**Problem statement**. Please write the following entries out once more, exactly.

[Collected data entries]
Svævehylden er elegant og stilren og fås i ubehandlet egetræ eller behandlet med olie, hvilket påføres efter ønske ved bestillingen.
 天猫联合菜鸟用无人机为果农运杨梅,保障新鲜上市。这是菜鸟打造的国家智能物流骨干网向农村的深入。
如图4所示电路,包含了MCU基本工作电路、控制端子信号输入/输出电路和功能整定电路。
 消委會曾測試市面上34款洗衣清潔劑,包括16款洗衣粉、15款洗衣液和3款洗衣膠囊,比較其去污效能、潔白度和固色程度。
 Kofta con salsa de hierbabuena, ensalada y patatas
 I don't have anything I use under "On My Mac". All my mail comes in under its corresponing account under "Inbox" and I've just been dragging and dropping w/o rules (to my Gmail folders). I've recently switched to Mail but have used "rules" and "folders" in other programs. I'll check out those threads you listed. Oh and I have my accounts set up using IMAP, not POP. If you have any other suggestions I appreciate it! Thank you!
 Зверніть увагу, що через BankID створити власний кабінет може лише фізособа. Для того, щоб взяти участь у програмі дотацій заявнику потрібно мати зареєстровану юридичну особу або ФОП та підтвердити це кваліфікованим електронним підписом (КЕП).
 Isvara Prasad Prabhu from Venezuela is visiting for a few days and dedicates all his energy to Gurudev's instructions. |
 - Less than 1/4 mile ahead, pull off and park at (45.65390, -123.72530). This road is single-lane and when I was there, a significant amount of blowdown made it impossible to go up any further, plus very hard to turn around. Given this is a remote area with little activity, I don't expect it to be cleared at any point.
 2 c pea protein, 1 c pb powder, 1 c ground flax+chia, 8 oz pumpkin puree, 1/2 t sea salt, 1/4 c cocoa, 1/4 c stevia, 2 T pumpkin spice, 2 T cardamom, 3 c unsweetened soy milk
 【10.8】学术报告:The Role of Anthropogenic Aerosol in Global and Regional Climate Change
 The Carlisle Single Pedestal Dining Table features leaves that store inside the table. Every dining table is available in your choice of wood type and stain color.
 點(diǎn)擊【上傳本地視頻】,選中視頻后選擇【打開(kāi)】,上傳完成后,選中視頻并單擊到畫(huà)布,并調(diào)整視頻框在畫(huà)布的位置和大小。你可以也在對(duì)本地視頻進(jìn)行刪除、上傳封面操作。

**Exercise result**.
Svævehylden er elegant og stilren og fås i ubehandlet egetræ eller behandlet med olie, hvilket påføres efter ønske ved bestillingen.
 天猫联合菜鸟用无人机为果农运杨梅,保障新鲜上市。这是菜鸟打造的国家智能物流骨干网向农村的深入。
如图4所示电路,包含了MCU基本工作电路、控制端子信号输入/输出电路和功能整定电路。
 消委會曾測試市面上34款洗衣清潔劑,包括16款洗衣粉、15款洗衣液和3款洗衣膠囊,比較其去污效能、潔白度和固色程度。
 Kofta con salsa de hierbabuena, ensalada y patatas
 I don't have anything I use under "On My Mac". All my mail comes in under its corresponing account under "Inbox" and I've just been dragging and dropping w/o rules (to my Gmail folders). I've recently switched to Mail but have used "rules" and "folders" in other programs. I'll check out those threads you listed. Oh and I have my accounts set up using IMAP, not POP. If you have any other suggestions I appreciate it! Thank you!
 Зверніть увагу, що через BankID створити власний кабінет може лише фізособа. Для того, щоб взяти участь у програмі дотацій заявнику потрібно мати зареєстровану юридичну особу або ФОП та підтвердити це кваліфікованим електронним підписом (КЕП).
 Isvara Prasad Prabhu from Venezuela is visiting for a few days and dedicates all his energy to Gurudev's instructions. |
 - Less than 1/4 mile ahead, pull off and park at (45.65390, -123.72530). This road is single-lane and when I was there, a significant amount of blowdown made it impossible to go up any further, plus very hard to turn around. Given this is a remote area with little activity, I don't expect it to be cleared at any point.
 2 c pea protein, 1 c pb powder, 1 c ground flax+chia, 8 oz pumpkin puree, 1/2 t sea salt, 1/4 c cocoa, 1/4 c stevia, 2 T pumpkin spice, 2 T cardamom, 3 c unsweetened soy milk
 【10.8】学术报告:The Role of Anthropogenic Aerosol in Global and Regional Climate Change
 The Carlisle Single Pedestal Dining Table features leaves that store inside the table. Every dining table is available in your choice of wood type and stain color.
 點(diǎn)擊【上傳本地視頻】,選中視頻后選擇【打開(kāi)】,上傳完成后,選中視頻并單擊到畫(huà)布,并調(diào)整視頻框在畫(huà)布的位置和大小。你可以也在對(duì)本地視頻進(jìn)行刪除、上傳封面操作。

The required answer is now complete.